Yesterday on Wall Street, the benchmark S&P 500 index closed 0.9% higher at 2,868.44 after losing about half its early gains in a burst of afternoon selling. Technology and health care stocks accounted for much of the gains, which followed a strong showing in overseas markets.
The Dow Jones Industrial Average rose 0.6% to 23,883.09. The Nasdaq climbed 1.1% to 8,809.12.
TRIBES-CORONAVIRUS RELIEF FUNDING
Treasury to begin distributing virus relief money to tribes
FLAGSTAFF, Ariz. (AP) — The U.S. Treasury Department says it will begin doling out billions in coronavirus relief funding to tribes more than a week after a congressional deadline and after being sued over who is eligible for the money.

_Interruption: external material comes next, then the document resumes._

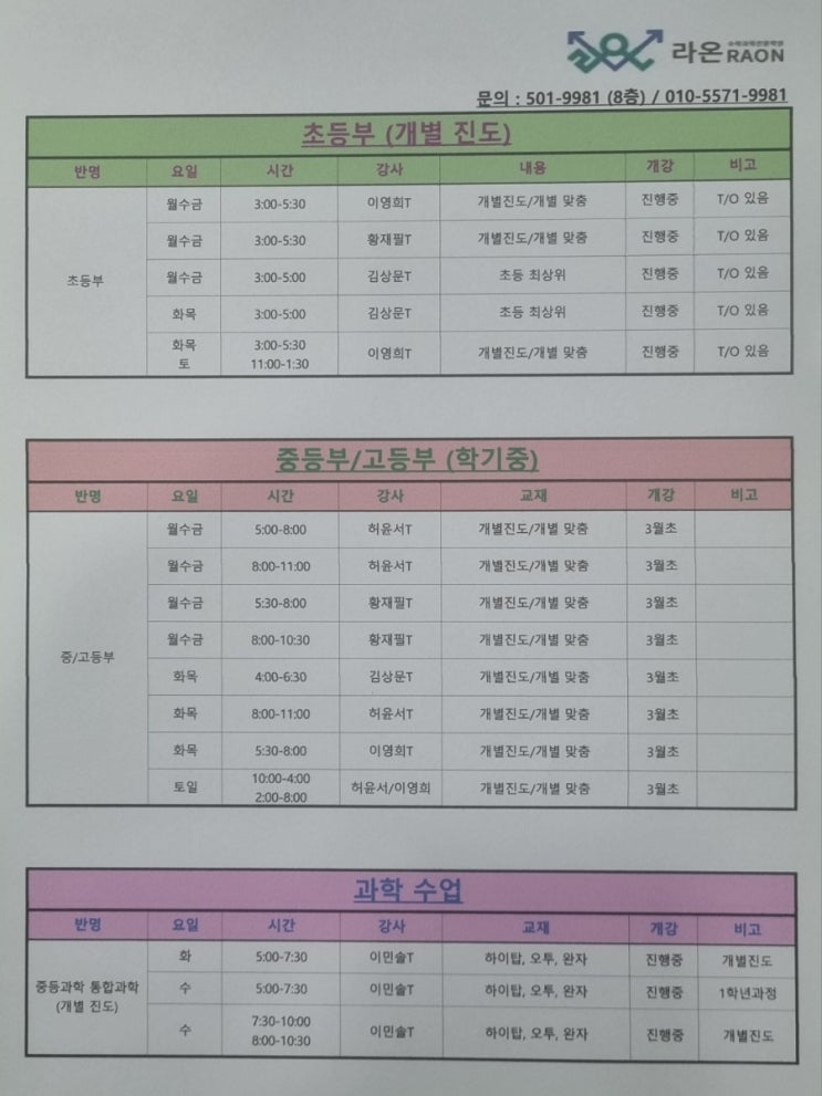 라온학원 3월 시간표 안내

The $2.2 trillion federal rescue package set aside $8 billion for tribal governments. It was supposed to be distributed by April 26, but the Treasury Department said it was grappling with how to do it.

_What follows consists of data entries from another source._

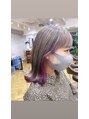 全体2回ブリーチ使用。2回ブリーチするとベースカラーはホワイティーベージュに退色しますので、色抜けも可愛いです^_^ラベンダーのインナーカラーは退色すると薄い紫になるくらいなので、色持ちもいいです!
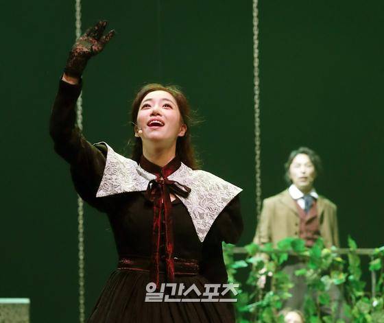 가수 겸 배우 함은정이 7일 오후 서울 서초구 예술의전당 CJ토월극장에서 열린 연극 '레미제라블' 초청 시연회에서 열연을 펼치고 있다.
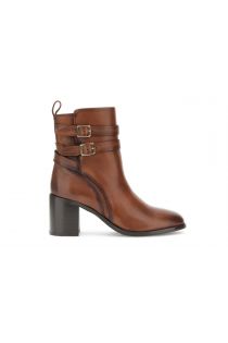 Bottines en cuir à double boucle latérale et fermeture éclair intérieure. Une semelle intérieure en cuir et un talon de 7,3 cm leur confèrent une élégance audacieuse et contemporaine.

Tribes sued the agency to keep the money from going to Alaska Native corporations, which own most Native lands in the state under a 1971 settlement but are not tribal governments.

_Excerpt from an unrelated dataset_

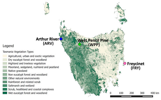 Map of our three geographic sampling locations across Tasmania showing the vegetation distribution across Tasmania.

The Treasury Department said it will withhold an undisclosed amount calculated for the corporations until the case is resolved.
Family of dead crew member with virus sues Royal Caribbean
MIAMI (AP) — The family of a cruise crew member who died after testing positive for COVID-19 filed a lawsuit against Royal Caribbean Cruises on Tuesday saying the company failed to protect its employees as the pandemic ravaged sailings around the world.
The wrongful death case filed in circuit court in Miami says a 27-year-old Indonesian man (Fnu Pujiyoko), worked in housekeeping on the Symphony of the Seas and suffered from flu-like symptoms including a fever and shortness of breath but was not tested for six days. He disembarked in a life boat and was taken to a hospital in Fort Lauderdale.
The lawsuit also argues Royal Caribbean failed to follow basic safety precautions allowing buffets and parties and mandating crew members to participate in drills even after the U.S. government had issued a no-sail order to curb coronavirus infections.
WATERLOO, Iowa — Tyson Foods says it will begin limited operation Thursday of its huge pork processing plant in Waterloo, more than two weeks after closing the facility because of a coronavirus outbreak among workers.
Tyson says workers have been invited to tour the plant today to see enhanced safety measures and social distancing procedures that have been implemented. The plant has been closed since April 22, and the Iowa Department of Public
Reportedly 444 workers have tested positive for the virus. The plant is Arkansas-based Tyson’s largest pork processing operation, with the ability to process 19,500 hogs per day. That accounts for 3.9% of the U.S. pork processing capacity, according to the National Pork Board.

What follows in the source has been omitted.